3.5.2 A few words of caution
Missing data is a highly complex topic. This section was meant to provide a basic overview of some of the options you can choose from when building a predictive model. None of these approaches, however, will “fix” data that are missing not at random (MNAR). Unfortunately, it is usually impossible to know if your data are MNAR, and we therefore assume that that are MAR, or missing at random conditional on the observed data.
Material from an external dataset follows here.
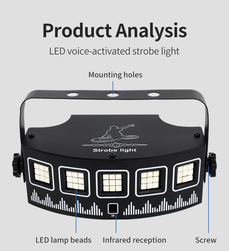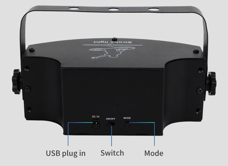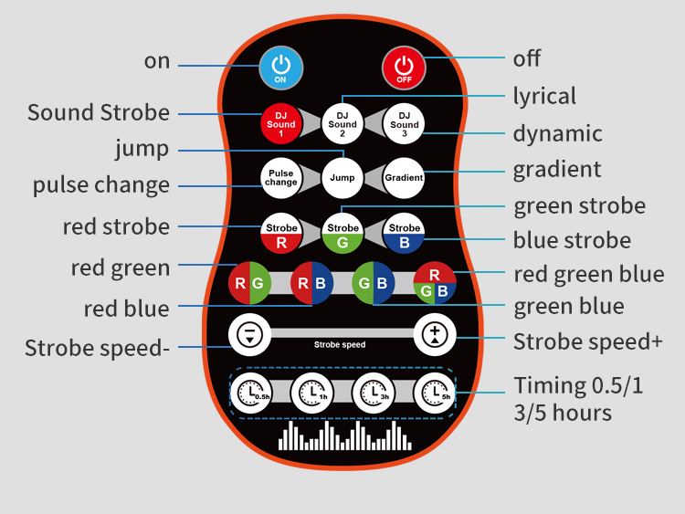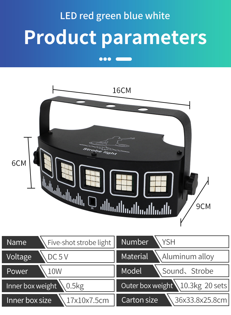 Adjustable single red/green/blue/red-green/red-blue/blue-green/red-blue-green and other various colors, adjustable stroboscopic speed and timing function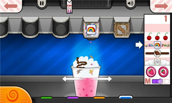 这里有丰富多样的配料供自由搭配,从经典珍珠奶茶到创意水果冰沙,能满足不同顾客口味需求。游戏中,要根据顾客订单制作冷饮,在搅拌或加原料时,于进度条绿色最佳位置点击,可制作出高分冰淇淋,还要注重食物外观装饰。

For example, if boys were more likely to have missing data on the outcome than girls, we could account for this by including a gender variable in the model, and the resulting data would be MAR.
If you have significant missing data, this section is surely incomplete. We recommended Little and Rubin (2002) previously, and there are a number of other good resources, including a chapter in Kuhn and Johnson (2019).